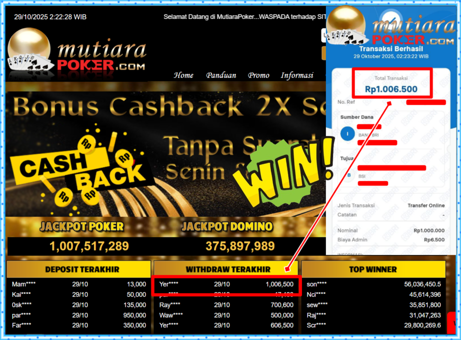 Bukti Withdraw ( 1,006,500,- ) Member Setia MutiaraPoker
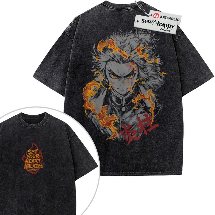 Wash Tee Kyojuro Rengoku Shirt, Demon Slayer Shirt, Anime Shirt, Vintage Tee 2-Sided
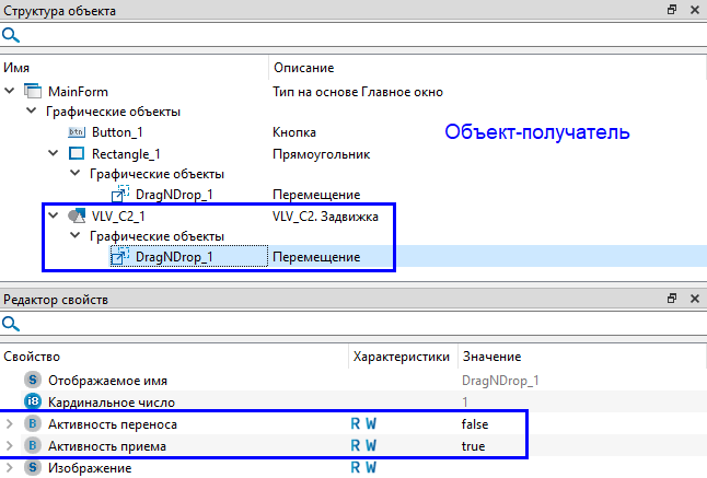 Чтобы создать иллюзию перетаскивания данных, используйте обработчики событий MousePress объекта-отправителя и OnDrop элемента Перемещение на стороне объекта-получателя. Укажите передаваемые данные в обработчике события MousePress и настройте обработку принимаемых данных в обработчике события OnDrop. Для перетаскивания щелкните на объекте-отправителе и не отпуская клавишу мыши, перетащите данные на объект-получатель.
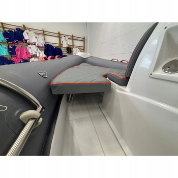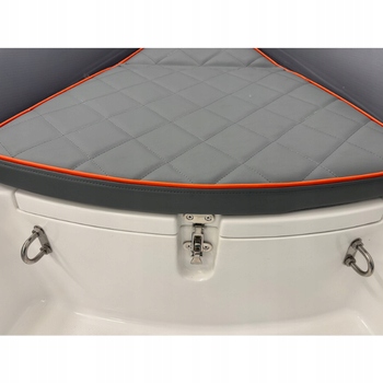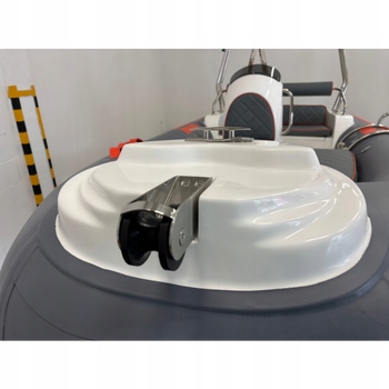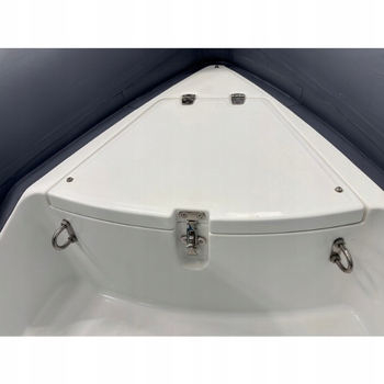 В стоимость данного катера входит: пульт управления (с окном, панелью с переключателями и индикатором топлива), предохранительные клапаны, носовая утка, резиновое усиление киля, рундуки с подушками, ремкомплект, насос, два алюминиевых весла, подножки из стеклопластика, спинка из нержавеющей стали с мягкой отделкой, трюмная помпа, встроенный топливный бак на 50 л, чехол для лодки, бортовая С-образная лестница из полированной кислоты сталь, спойлер из полированной кислотной стали с 3 навигационными огнями, солярий с подушкой.
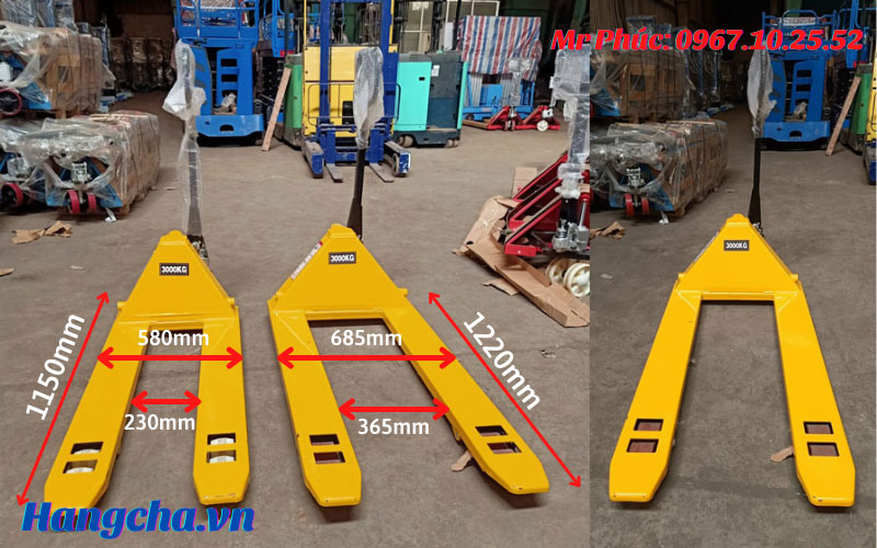 Kích thước xe nâng tay thấp càng hẹp càng rộng
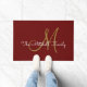 Modern Script Monogram Familienaam Burgundy Deurmat
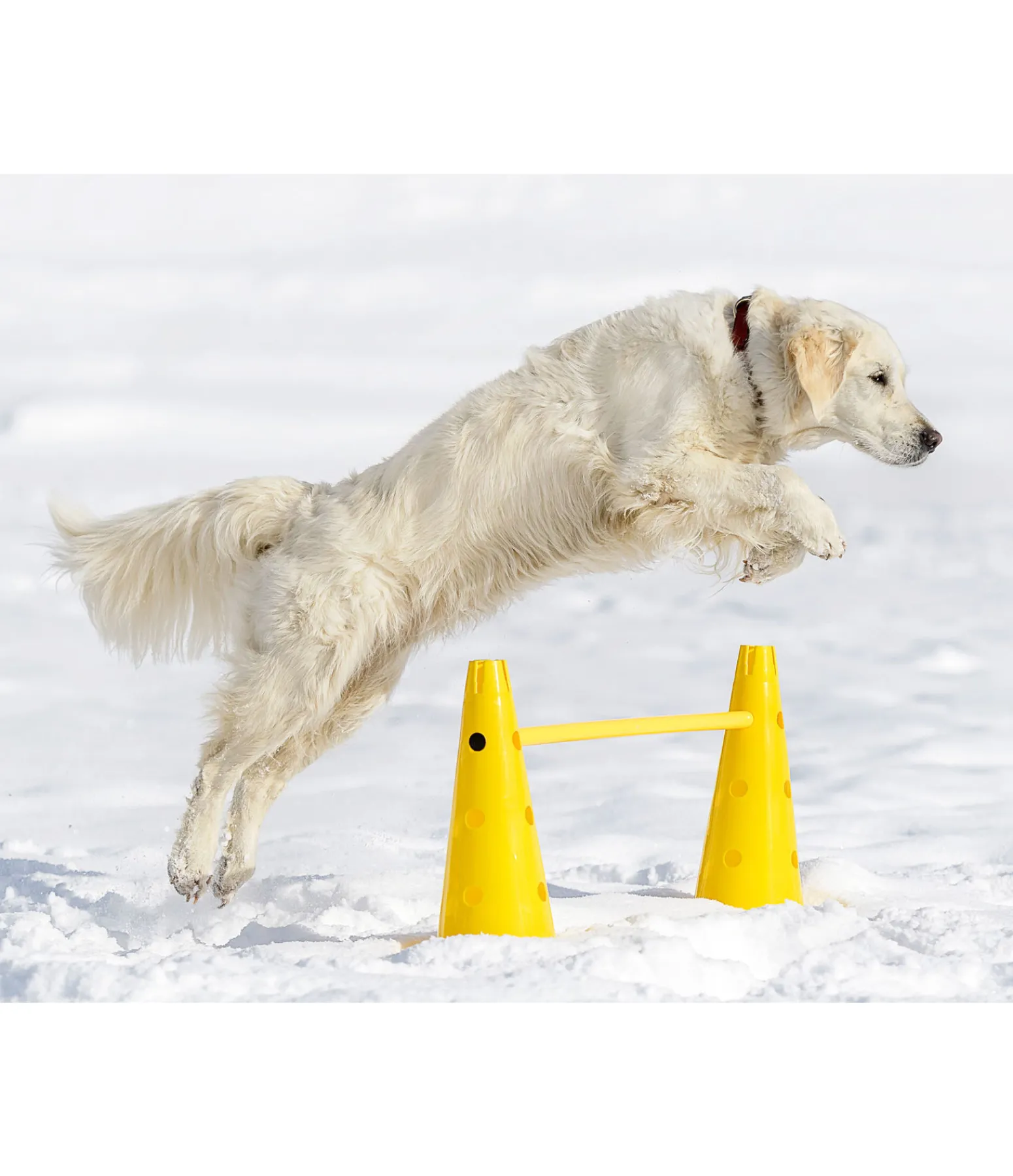 Cônes résistants. Lignes de trois trous. Selon l’utilisation souhaitée, il est possible d’y glisser une barre ou un cerceau. Hauteur 40 cm. Vendus par 2.
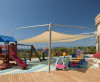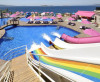- több medence (ez egyik csúszdákkal, az egyik tengervizes), napágyak, napernyők és törölközők ingyenesen
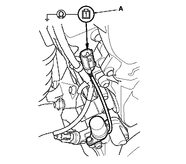 2. Measure the resistance between the rocker arm oil control solenoid 1P connector terminal (A) and body ground.

______

#### Aim of the task:
Each entry is to be transcribed verbatim, and any picture in it is to be skipped.

#### Response area:
 Bukti Withdraw ( 1,006,500,- ) Member Setia MutiaraPoker
 Wash Tee Kyojuro Rengoku Shirt, Demon Slayer Shirt, Anime Shirt, Vintage Tee 2-Sided
 Чтобы создать иллюзию перетаскивания данных, используйте обработчики событий MousePress объекта-отправителя и OnDrop элемента Перемещение на стороне объекта-получателя. Укажите передаваемые данные в обработчике события MousePress и настройте обработку принимаемых данных в обработчике события OnDrop. Для перетаскивания щелкните на объекте-отправителе и не отпуская клавишу мыши, перетащите данные на объект-получатель.
 В стоимость данного катера входит: пульт управления (с окном, панелью с переключателями и индикатором топлива), предохранительные клапаны, носовая утка, резиновое усиление киля, рундуки с подушками, ремкомплект, насос, два алюминиевых весла, подножки из стеклопластика, спинка из нержавеющей стали с мягкой отделкой, трюмная помпа, встроенный топливный бак на 50 л, чехол для лодки, бортовая С-образная лестница из полированной кислоты сталь, спойлер из полированной кислотной стали с 3 навигационными огнями, солярий с подушкой.
 Kích thước xe nâng tay thấp càng hẹp càng rộng
 Modern Script Monogram Familienaam Burgundy Deurmat
 Cônes résistants. Lignes de trois trous. Selon l’utilisation souhaitée, il est possible d’y glisser une barre ou un cerceau. Hauteur 40 cm. Vendus par 2.
- több medence (ez egyik csúszdákkal, az egyik tengervizes), napágyak, napernyők és törölközők ingyenesen
 2. Measure the resistance between the rocker arm oil control solenoid 1P connector terminal (A) and body ground.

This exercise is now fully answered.